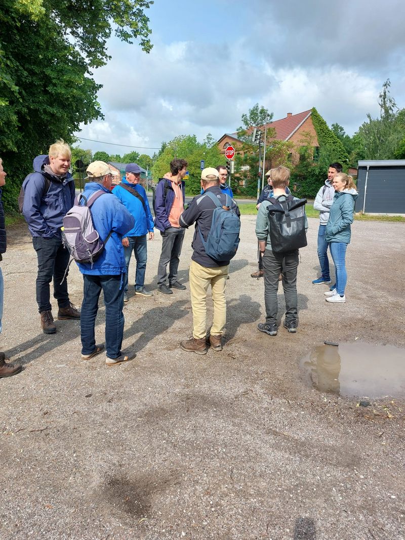Mittagspause im Pfarrgarten von Cramon am alten Backhaus. Halbzeit, die ersten Schuhe werden gelüftet. Weiter gehts auf die Etappe nach Böken.
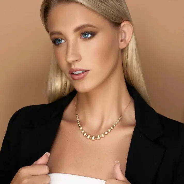 שרשרת כדוריות זהב בגימור מט משי ומבריק
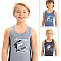 Майка для мальчика из эластичного х/б трикотажа, с принтом "акула". Горловина и проймы отделаны трикотажным кантом. По бокам фигурные вставки из трикотажа другого цвета.
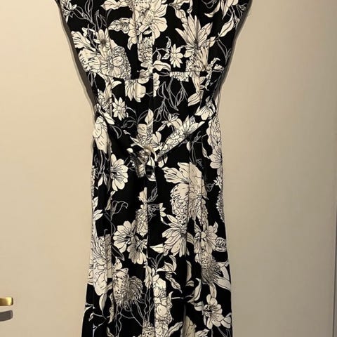 Newbie Sommerkjole i hvit farge, størrelse L for kvinner. Kjolen har et mønster med blomster og er laget av lett materiale, egnet for sommerbruk.
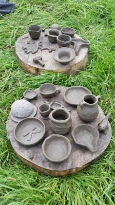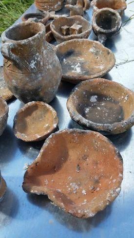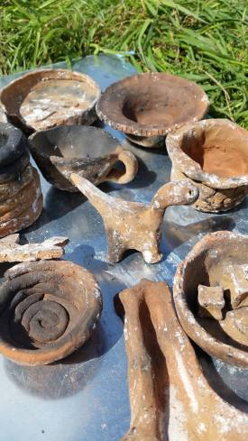 Our next experimental archaeology project was an effort to make a variety of pottery vessels using only raw clay sourced from our prehistoric site here at the Bradford Kaims Wetland Project. ”Prior to the Roman invasion, almost all native pottery in Britain was hand-made and open fired” either on the ground surface or in a pit (Gibson 1997:26). Prehistoric ceramics ”were made primarily for domestic use, as storage, cooking or serving containers, or to receive or accompany the bones or bodies of the recent dead” (Woodward 2008: 85-86). Since wheel-throwing and kiln firing produce finer ceramics, prehistoric pottery was comparatively rough and weak compared to the later Roman varieties, but it evidently served its various purposes well enough. Archaeological evidence suggests that the early production of pottery was non-specialised, and that it was being produced ”as and when needed, regardless of the time of year” (Gibson 1997:48).
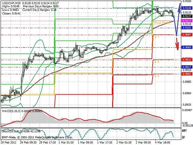 Předpokládaný pohyb pro dnešní den LONG. Případné vstupy do obchodu z hladiny 0.9085 s předpokládaným cílem 0.9155, případně až 0.9175. Proražení hladiny 0.9085 může vést k pohybu s pravděpodobným cílem 0.906 až 0.9025.
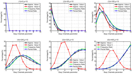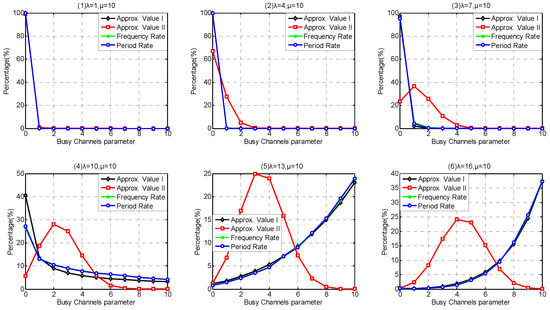 Similarly, Figure 19(1) and Figure 20(1) confirm that our theory for Channel Saturation Rate estimation is successful. As shown in Figure 19, the parameter coexistence capacity has little influences on the simulation result in Service-dependent coexisting WBANs, and the Channel Saturation Rate is mainly dependent on λ. On the contrary, both coexistence capacity and λ have obvious influences on Channel Saturation Rate, as shown in Figure 20. Comparing with Approximate Method I, Approximate Method II is totally defeated. Therefore, we don’t recommend employing Approximate Method II to estimate Saturation Rate. As the interfering WBANs have an inevitable coexistence conflict when coexisting WBANs are in Saturation State, the rejection of joining requires leads to terrible communication interruptions. Therefore, Channel Saturation Rate can also be employed to reflect the robustness.

========

§ **ACTIVITY**: Copy the lines above exactly. Do not include pictures.

§ **YOUR RESPONSE**:
Mittagspause im Pfarrgarten von Cramon am alten Backhaus. Halbzeit, die ersten Schuhe werden gelüftet. Weiter gehts auf die Etappe nach Böken.
 שרשרת כדוריות זהב בגימור מט משי ומבריק
 Майка для мальчика из эластичного х/б трикотажа, с принтом "акула". Горловина и проймы отделаны трикотажным кантом. По бокам фигурные вставки из трикотажа другого цвета.
 Newbie Sommerkjole i hvit farge, størrelse L for kvinner. Kjolen har et mønster med blomster og er laget av lett materiale, egnet for sommerbruk.
 Our next experimental archaeology project was an effort to make a variety of pottery vessels using only raw clay sourced from our prehistoric site here at the Bradford Kaims Wetland Project. ”Prior to the Roman invasion, almost all native pottery in Britain was hand-made and open fired” either on the ground surface or in a pit (Gibson 1997:26). Prehistoric ceramics ”were made primarily for domestic use, as storage, cooking or serving containers, or to receive or accompany the bones or bodies of the recent dead” (Woodward 2008: 85-86). Since wheel-throwing and kiln firing produce finer ceramics, prehistoric pottery was comparatively rough and weak compared to the later Roman varieties, but it evidently served its various purposes well enough. Archaeological evidence suggests that the early production of pottery was non-specialised, and that it was being produced ”as and when needed, regardless of the time of year” (Gibson 1997:48).
 Předpokládaný pohyb pro dnešní den LONG. Případné vstupy do obchodu z hladiny 0.9085 s předpokládaným cílem 0.9155, případně až 0.9175. Proražení hladiny 0.9085 může vést k pohybu s pravděpodobným cílem 0.906 až 0.9025.
 Similarly, Figure 19(1) and Figure 20(1) confirm that our theory for Channel Saturation Rate estimation is successful. As shown in Figure 19, the parameter coexistence capacity has little influences on the simulation result in Service-dependent coexisting WBANs, and the Channel Saturation Rate is mainly dependent on λ. On the contrary, both coexistence capacity and λ have obvious influences on Channel Saturation Rate, as shown in Figure 20. Comparing with Approximate Method I, Approximate Method II is totally defeated. Therefore, we don’t recommend employing Approximate Method II to estimate Saturation Rate. As the interfering WBANs have an inevitable coexistence conflict when coexisting WBANs are in Saturation State, the rejection of joining requires leads to terrible communication interruptions. Therefore, Channel Saturation Rate can also be employed to reflect the robustness.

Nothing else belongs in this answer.